Macedonia to legalise Tetovo

July 11, 2003

The Macedonian government has agreed to legalise the ethnic-Albanian unofficial University of Tetovo.

Changes to the law on higher education were to be put to parliament later this month. Education minister Aziz Pollozhani said he was "optimistic" that the university would start to operate legally by the end of the year.

Mr Pollozhani said the government was seeking a way to validate degrees of existing Tetovo graduates - almost 400 left this summer.

Tetovo was established in 1994 after a fruitless campaign by Macedonia's ethnic-Albanian minority for Albanian-taught higher education within the state system.

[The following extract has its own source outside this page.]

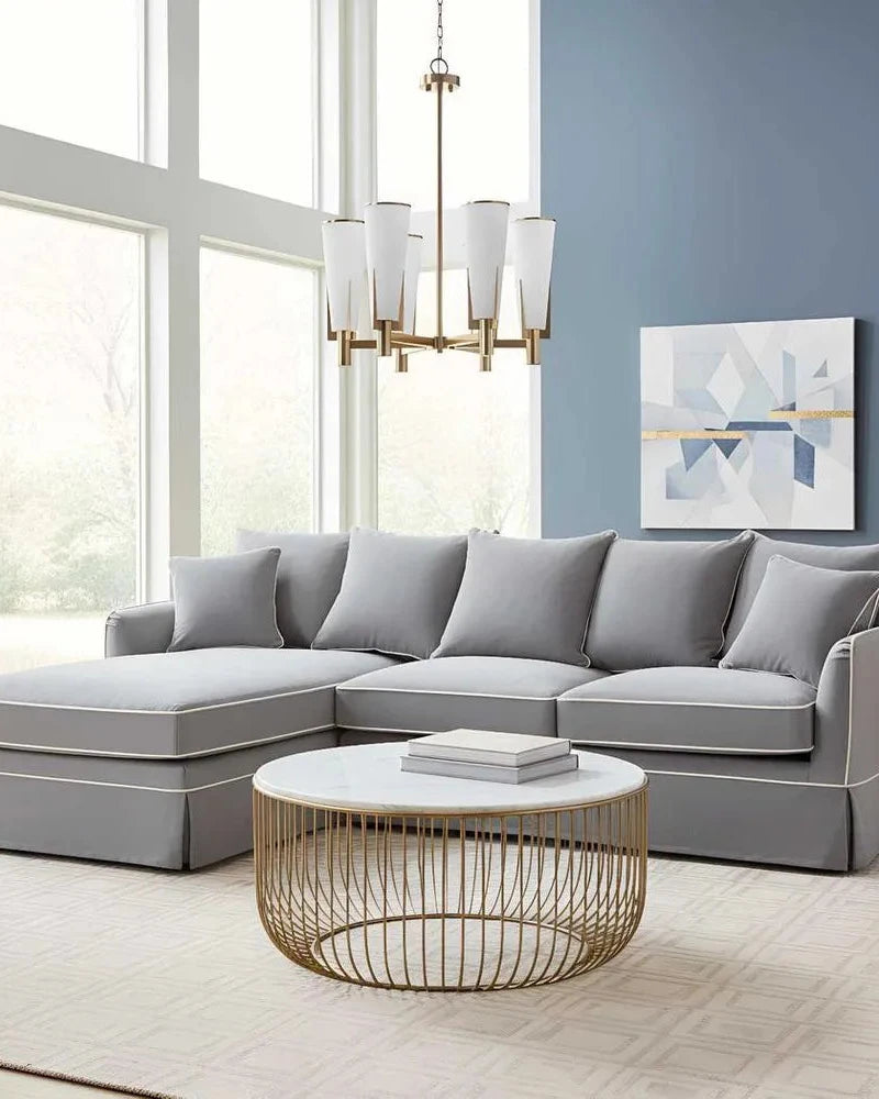 Modern living room with a gray sectional sofa, round wire coffee table, and abstract art on the wall.

When the internationally brokered deal ended the inter-ethnic conflict of 2001, part of the package was the provision of Albanian-taught higher education, but this stopped short of legalising Tetovo.

Instead, the Macedonian Slavs supported the multi-ethnic University of South-Eastern Europe, to be set up under European Union auspices.

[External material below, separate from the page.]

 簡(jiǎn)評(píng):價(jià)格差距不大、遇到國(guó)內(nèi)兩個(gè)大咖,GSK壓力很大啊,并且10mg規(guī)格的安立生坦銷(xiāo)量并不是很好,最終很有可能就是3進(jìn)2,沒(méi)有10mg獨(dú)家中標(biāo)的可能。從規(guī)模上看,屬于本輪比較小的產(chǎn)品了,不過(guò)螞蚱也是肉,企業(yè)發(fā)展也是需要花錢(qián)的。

Many Macedonian-Albanians were unconvinced that USEE would satisfy their needs and continued to press for recognition of Tetovo.

The Slavs, however, considered it to be a potential hotbed of Albanian separatism and continued to view its status as unconstitutional.

Earlier this year, the senior party in the ruling coalition, the (Slav) Social Democratic League of Macedonia, tried to break the deadlock with a proposal to amalgamate the USEE and Tetovo. The new body would be financed partly out of the Macedonian state budget and partly by international sponsors.

When this compromise failed to satisfy ethnic Albanians, Ali Ahmeti, leader of the ethnic-Albanian junior party in the coalition, rejected it as "incomplete" during talks with the prime minister, Branko Crvenkovski. It left the government no option but to recognise Tetovo.

USEE, which is technically private, opened in 2001 on land donated by the government. It has about 2,250 students and 115 academics, and it teaches in Albanian and Macedonian. All students learn English.